You could use the normalizer to find strings with accented characters:
<?
if (! normalizer_is_normalized($input)) {
// handle non-normalized input
}
?>
If needed, you could also use this class to normalize strings to search for vowels:
<?
$norm = normalizer_normalize($input);
if (! preg_match('/[aeiou]/', $norm)) {
// handle no-vowels in input
}
?>
You'll also want to read about the default normalization form and make sure that it satisfies your requirements.
Hmm, personally I don't find a spam filter like yours too effective. IMO it is much better to watch for links, strong words, and sexual/warez related words, spam often contain them. You could restrict the commend right only for registered users, and you could delete them as moderator before they show up, if they comes from untrusted(=from unregistered user) source.
I got a question regarding regexp in general. I'm currently building a register form where you can enter the full name (given name and family name) however I cant use [a-zA-Z] as a validation check because that would exclude everyone with a "foreign" character.
What is the best way to make sure that they don't enter a symbol, in both php and javascript?
Thanks in advance!
The correct solution to this problem (in general) is POSIX character classes. In particular, you should be able to use [:alpha:] (or [:alphanum:]) to do this.

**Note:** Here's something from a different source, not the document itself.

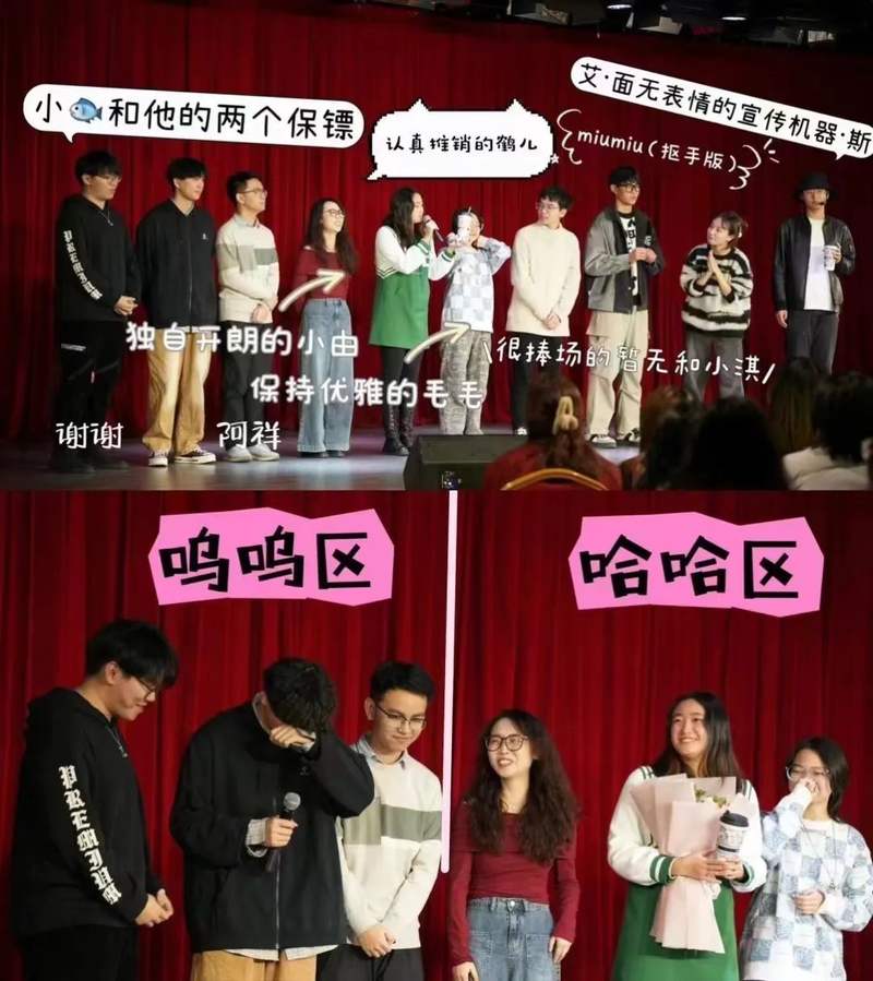 然而,綜藝節(jié)目并非是小魚與脫口秀結(jié)緣的起點。早在2021年,他就參與創(chuàng)建了趣聽,并在兩年后憑借出色的表演能力出任社長,是社團當之無愧的元老級人物。開放包容的校園氛圍鼓勵他認真發(fā)展起童年時期的愛好,社團內(nèi)豐富的鍛煉機會和便利條件為他提供了喜劇水平快速提升的土壤。
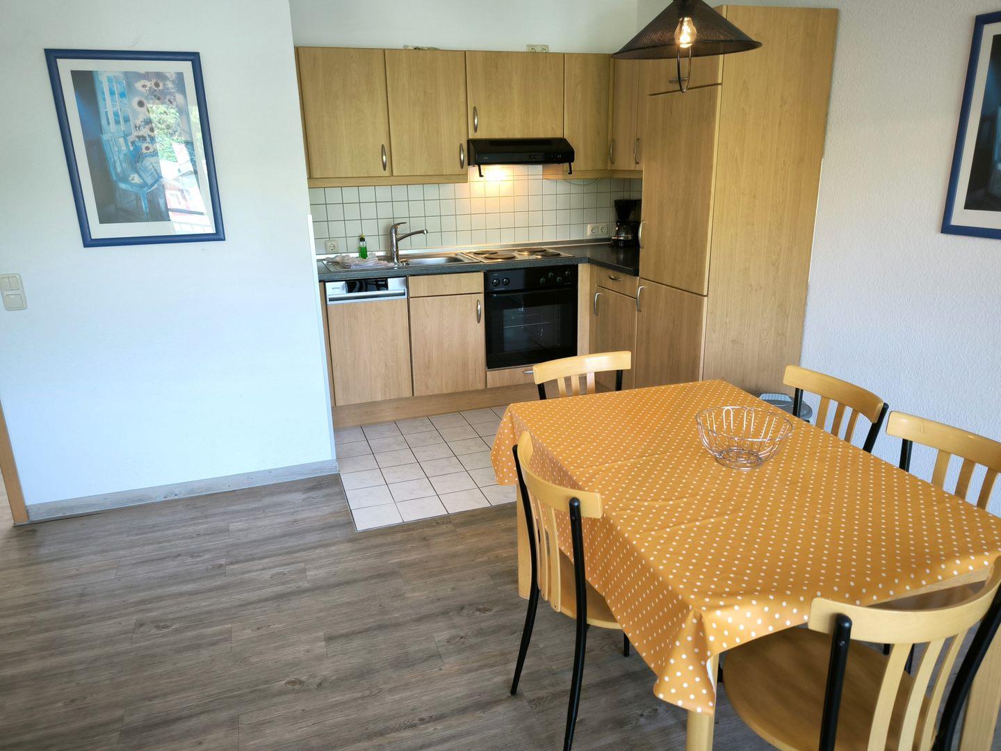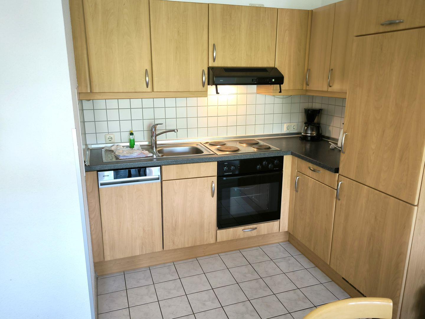 Im Wohnraum integrierte Einbauküche, ausgestattet mit: 4- Platten- Kochfeld, Backofen, Kühlschrank, Geschirrspüler, Toaster, Kaffeemaschine, Wasserkocher und Küchenutensilien

Though why do you want to prevent users from entering their name exactly as they type it? Are you sure you're in a position to tell them exactly what characters are allowed to be in their names?
You first need to conceptually distinguish between a "foreign" character and a "symbol." You may need to clarify here.
Accounting for other languages means accounting for other code pages and that is really beyond the scope of a simple regexp. It can be done, but on a higher level, the codepages have to work.
If you strictly wanted your regexp to fail on punctuation and symbols, you could use [^[:punct:]], but I'm not sure how the [:punct:] POSIX class reacts to some of the weird unicode symbols. This would of course stop some one from putting in "John Smythe-Jones" as their name though (as '-' is a punctuation character), so I would probably advise against using it.
I don’t think that’s a good idea. See How to check real names and surnames - PHP
I don't know how you would account for what is valid or not, and depending on your global reach, you will probably not be able to remove anything without locking out somebody. But a Google search turned this up which may be helpful.
http://nadeausoftware.com/articles/2007/09/php_tip_how_strip_symbol_characters_web_page
You could loop through the input string and use the String.charCodeAt() function to get the integer character code for each character. Set yourself up with a range of acceptable characters and do your comparison.
As noted POSIX character classes are likely the best bet. But the details of their support (and alternatives) vary very much with the details of the specific regex variant.
PHP apparently does support them, but JavaScript does not.
This means for JavaScript you will need to use character ranges: /[\u0400-\u04FF]/ matches any one Cyrillic character. Clearly this will take some writing, but not the XML 1.0 Recommendation (from W3C) includes a listing of a lot of ranges, albeit a few years old now.
One approach might be to have a limited check on the client in JavaScript, and the full check only server side.